PROBLEM TO SOLVE: Return the listing exactly as it appears, but strip out the images.

Segment Start: DATASET CONTENT

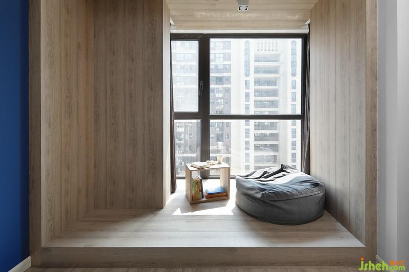 ▲從客廳的淺灰到臥室的深藍(lán),并加入了更多的木質(zhì)元素,以“和而不同”,區(qū)分出空間的獨(dú)立性。室內(nèi)設(shè)計(jì)師為了擴(kuò)大區(qū)域,拆除原飄窗,將木地板延伸到飄窗上,別具一格。
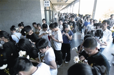 告別的隊伍緩緩移動,大廳內(nèi)哀樂低回,從譚卓的遺體前陸續(xù)走過的人們,眼眶紅紅的,有些早已泣不成聲。譚卓的父母一一向他們點頭,表達無言的感謝。
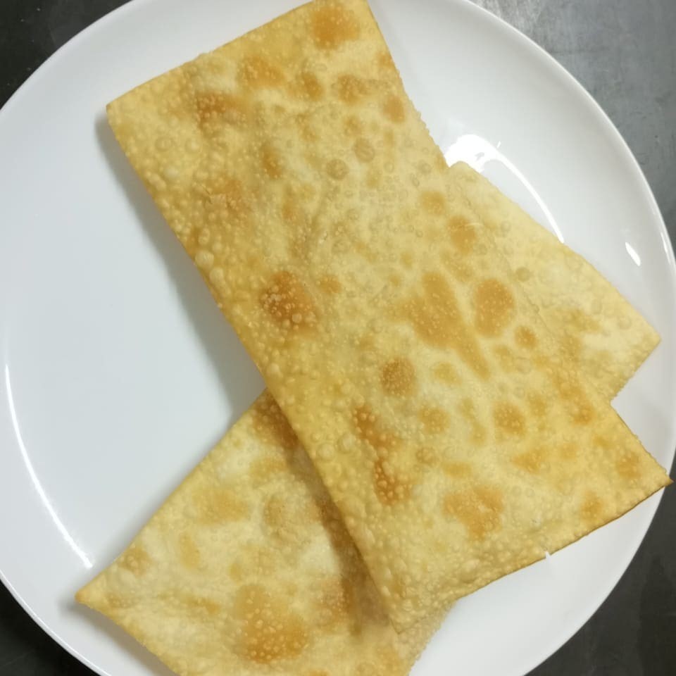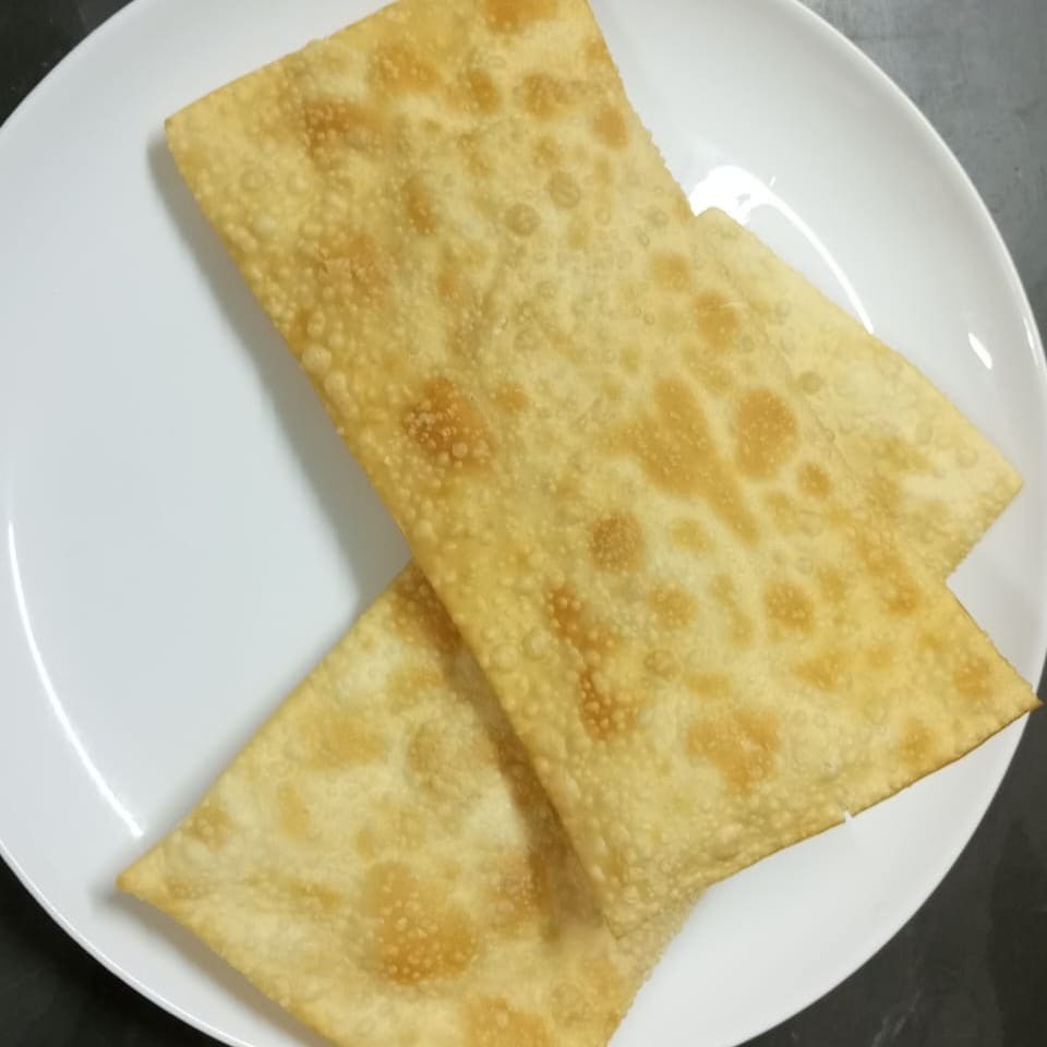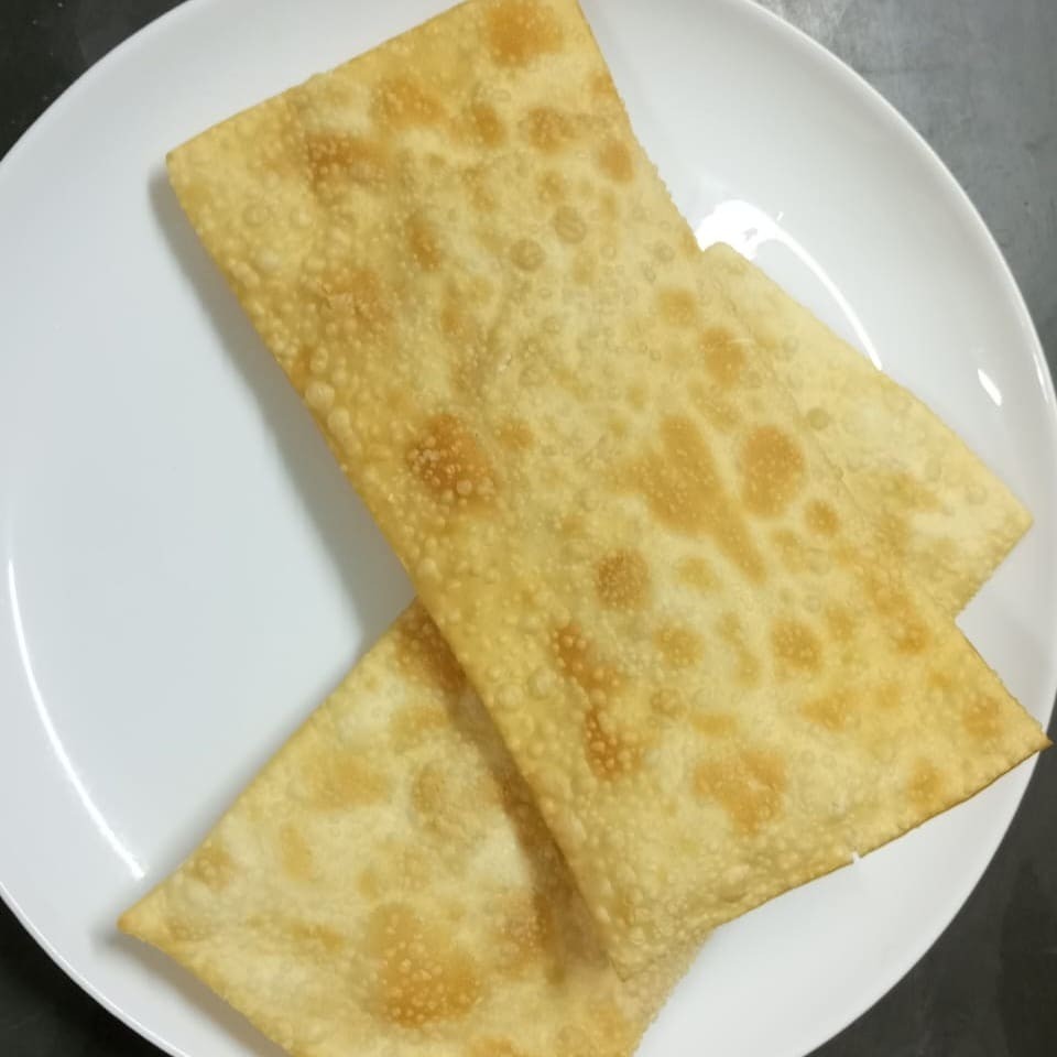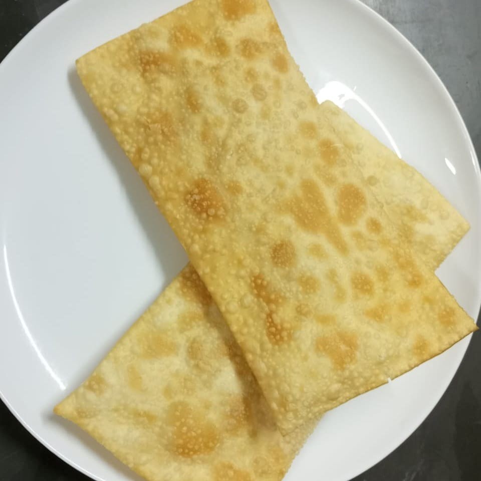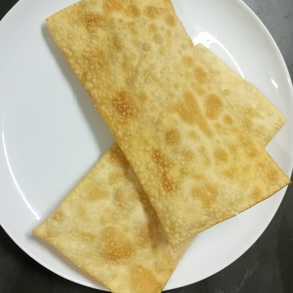 Pastel de Frango com queijo derretido e um frango desfiado uma delicia frito na hora .

Segment End: DATASET CONTENT

YOUR RESPONSE:
 ▲從客廳的淺灰到臥室的深藍(lán),并加入了更多的木質(zhì)元素,以“和而不同”,區(qū)分出空間的獨(dú)立性。室內(nèi)設(shè)計(jì)師為了擴(kuò)大區(qū)域,拆除原飄窗,將木地板延伸到飄窗上,別具一格。
 告別的隊伍緩緩移動,大廳內(nèi)哀樂低回,從譚卓的遺體前陸續(xù)走過的人們,眼眶紅紅的,有些早已泣不成聲。譚卓的父母一一向他們點頭,表達無言的感謝。
 Pastel de Frango com queijo derretido e um frango desfiado uma delicia frito na hora .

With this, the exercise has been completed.